Poly(L-lysine)-grafted-poly(ethylene glycol)/poly(ethylene glycol-Biotin) and Poly(L-lysine)-grafted-poly(ethylene glycol)/poly(ethylene glycol-NTA)

Functionalized PLL-g-PEG chemicals are commonly used, in standalone form or in combination with their non-functionalized versions, to generate coatings that are suitable for specific coupling of biological entities while maintaining a low background-noise signal.

Coating description: Functionalized poly(l-lysine)-graft-poly(ethylene glycol) monomolecular coatings with sensing TAG

Substrate examples: Glass, quartz, silicon wafers, polyolefin (COC and COP), (plasma-activated) polymers, metal oxides (Ta2O5, ITO, TiO2, ZrO2)

Immobilization mechanism: Electrostatic adsorption


Key product features:

  • Enables functionalization of surfaces by specific binding of biological entities
  • Maintains low background signal thanks to the non-fouling character of the PEG background
  • Simple dip-and-rinse coating procedure is suitable for various substrates
  • Can be mixed with non-functionalized version of the polymer in order to precisely tune the surface densities of the binding groups
  • Can be combined with non-functionalized, fluorescently tagged version available (as standard product).
  • Standard functionalization: biotin, nitrilotriacetic acid (NTA)
  • Tailor-made synthesis for particular specific coupling chemistries according to our customers’ needs

Typical applications:


  • Binding of biotinylated proteins and antibodies via streptavidin coupling
  • Surface modification of single-stranded DNA
  • References:
    • Ruiz-Taylor, L. A.; Martin, T. L.; Zaugg, F. G.; Witte, K.; Indermuhle, P.; Nock, S.; Wagner, P. Monolayers of derivatized poly(L-lysine)-grafted poly(ethylene glycol) on metal oxides as a class of biomolecular interfaces.

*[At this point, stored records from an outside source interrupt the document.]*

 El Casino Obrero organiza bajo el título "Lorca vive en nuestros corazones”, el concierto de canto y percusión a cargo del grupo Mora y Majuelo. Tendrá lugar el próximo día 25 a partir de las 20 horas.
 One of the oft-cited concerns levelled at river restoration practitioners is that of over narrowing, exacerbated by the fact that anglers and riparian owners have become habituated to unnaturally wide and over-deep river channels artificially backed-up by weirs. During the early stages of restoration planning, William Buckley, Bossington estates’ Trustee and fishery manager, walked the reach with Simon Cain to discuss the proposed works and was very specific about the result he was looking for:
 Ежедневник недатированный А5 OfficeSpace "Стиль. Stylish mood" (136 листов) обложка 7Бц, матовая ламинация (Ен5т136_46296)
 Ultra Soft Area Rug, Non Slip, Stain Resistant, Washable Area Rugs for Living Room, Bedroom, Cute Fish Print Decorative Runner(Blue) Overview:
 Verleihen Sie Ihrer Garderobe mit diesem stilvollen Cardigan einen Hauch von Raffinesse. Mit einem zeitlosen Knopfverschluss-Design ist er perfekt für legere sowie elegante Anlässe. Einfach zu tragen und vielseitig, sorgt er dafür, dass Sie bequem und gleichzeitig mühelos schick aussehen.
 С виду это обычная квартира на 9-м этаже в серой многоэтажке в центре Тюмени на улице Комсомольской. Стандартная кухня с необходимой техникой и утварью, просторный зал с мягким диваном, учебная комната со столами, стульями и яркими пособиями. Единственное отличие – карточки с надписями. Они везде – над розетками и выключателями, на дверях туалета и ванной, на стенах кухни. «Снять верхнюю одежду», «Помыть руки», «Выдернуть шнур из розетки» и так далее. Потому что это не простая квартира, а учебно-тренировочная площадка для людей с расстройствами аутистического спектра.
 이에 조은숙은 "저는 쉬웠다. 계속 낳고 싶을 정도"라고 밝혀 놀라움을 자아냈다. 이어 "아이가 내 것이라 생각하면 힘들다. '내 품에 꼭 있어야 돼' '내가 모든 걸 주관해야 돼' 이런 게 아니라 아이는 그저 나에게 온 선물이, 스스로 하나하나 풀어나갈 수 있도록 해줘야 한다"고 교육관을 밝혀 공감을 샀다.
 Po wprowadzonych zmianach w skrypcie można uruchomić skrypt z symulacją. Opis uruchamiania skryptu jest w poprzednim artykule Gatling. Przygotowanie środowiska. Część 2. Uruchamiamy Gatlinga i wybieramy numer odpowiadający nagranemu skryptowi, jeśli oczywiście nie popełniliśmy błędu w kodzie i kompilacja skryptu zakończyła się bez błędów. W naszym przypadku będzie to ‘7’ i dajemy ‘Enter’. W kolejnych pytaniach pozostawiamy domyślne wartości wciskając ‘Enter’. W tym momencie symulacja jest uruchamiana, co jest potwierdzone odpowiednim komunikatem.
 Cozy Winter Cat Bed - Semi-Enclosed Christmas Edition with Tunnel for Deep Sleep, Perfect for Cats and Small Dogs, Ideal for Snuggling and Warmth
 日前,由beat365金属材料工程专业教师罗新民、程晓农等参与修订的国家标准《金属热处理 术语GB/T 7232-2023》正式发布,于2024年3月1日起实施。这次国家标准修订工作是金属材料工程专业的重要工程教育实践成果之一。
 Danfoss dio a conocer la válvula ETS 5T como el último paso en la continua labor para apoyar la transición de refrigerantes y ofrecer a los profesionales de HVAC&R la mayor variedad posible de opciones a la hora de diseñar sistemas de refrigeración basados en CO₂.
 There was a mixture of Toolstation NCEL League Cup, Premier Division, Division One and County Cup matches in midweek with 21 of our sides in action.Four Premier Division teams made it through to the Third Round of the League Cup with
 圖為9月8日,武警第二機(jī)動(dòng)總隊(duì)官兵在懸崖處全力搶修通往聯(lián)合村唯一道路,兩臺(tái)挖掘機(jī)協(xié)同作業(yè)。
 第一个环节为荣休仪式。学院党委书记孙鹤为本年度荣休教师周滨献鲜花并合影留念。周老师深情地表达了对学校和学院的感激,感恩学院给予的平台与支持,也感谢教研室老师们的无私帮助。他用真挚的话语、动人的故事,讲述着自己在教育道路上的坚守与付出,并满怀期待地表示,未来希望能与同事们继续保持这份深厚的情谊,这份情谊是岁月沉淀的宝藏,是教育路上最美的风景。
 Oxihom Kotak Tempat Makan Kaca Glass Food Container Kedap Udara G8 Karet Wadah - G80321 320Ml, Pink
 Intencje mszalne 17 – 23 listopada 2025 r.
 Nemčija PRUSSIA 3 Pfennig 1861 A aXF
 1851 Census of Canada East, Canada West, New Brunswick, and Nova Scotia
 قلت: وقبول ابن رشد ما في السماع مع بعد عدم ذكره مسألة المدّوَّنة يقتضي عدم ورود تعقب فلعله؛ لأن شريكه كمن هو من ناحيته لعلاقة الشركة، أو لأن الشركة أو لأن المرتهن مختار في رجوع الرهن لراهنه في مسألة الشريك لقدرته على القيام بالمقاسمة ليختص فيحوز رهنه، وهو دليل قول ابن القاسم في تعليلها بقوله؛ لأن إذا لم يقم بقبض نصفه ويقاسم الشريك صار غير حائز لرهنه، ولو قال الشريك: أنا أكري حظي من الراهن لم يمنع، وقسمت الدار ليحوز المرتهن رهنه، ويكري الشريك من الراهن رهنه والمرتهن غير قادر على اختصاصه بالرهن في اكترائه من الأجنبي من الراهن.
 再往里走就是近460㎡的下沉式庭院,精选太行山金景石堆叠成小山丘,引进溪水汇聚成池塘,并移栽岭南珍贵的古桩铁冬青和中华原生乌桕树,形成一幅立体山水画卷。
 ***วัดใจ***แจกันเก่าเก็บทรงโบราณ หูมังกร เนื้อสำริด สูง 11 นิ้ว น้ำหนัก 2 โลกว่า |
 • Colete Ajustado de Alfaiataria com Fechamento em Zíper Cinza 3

P Natl Acad Sci Usa 2001, 98 (3), 852–857 DOI: 10.1073/pnas.98.3.852.
    • Huang, N.-P.; Vörös, J.; De Paul, S. M.; Textor, M.; Spencer, N. D. Biotin-Derivatized Poly( l-lysine)- g-poly(ethylene glycol):  A Novel Polymeric Interface for Bioaffinity Sensing. Langmuir 2002, 18 (1), 220–230 DOI: 10.1021/la010913m.
    • Städler, B.; Falconnet, D.; Pfeiffer, I.; Höök, F.; Vörös, J. Micropatterning of DNA-tagged vesicles. Langmuir 2004, 20 (26), 11348–11354 DOI: 10.1021/la0482305.Städler, B.; Bally, M.; Grieshaber, D.; Vörös, J.; Brisson, A.; Grandin, H. M. Creation of a functional heterogeneous vesicle array via DNA controlled surface sorting onto a spotted microarray. Biointerphases 2006, 1 (4), 142–145 DOI: 10.1116/1.2434178.


  • Biochip functionalization
  • Binding of oligo(histidine)-tagged proteins
  • References:
    • Ogaki, R.; Foss, M. Biofunctional surface patterns retaining activity after exposure to whole blood. Langmuir 2014, 30 (23), 7014–7023 DOI: 10.1021/la5007378.
    • Zhen, G.; Falconnet, D.; Kuennemann, E.; Vörös, J.; Spencer, N. D.; Textor, M.; Zürcher, S. Nitrilotriacetic acid functionalized graft copolymers: A polymeric interface for selective and reversible binding of histidine-tagged proteins. Adv Funct Mater 2006, 16 (2), 243–251 DOI: 10.1002/adfm.200500232.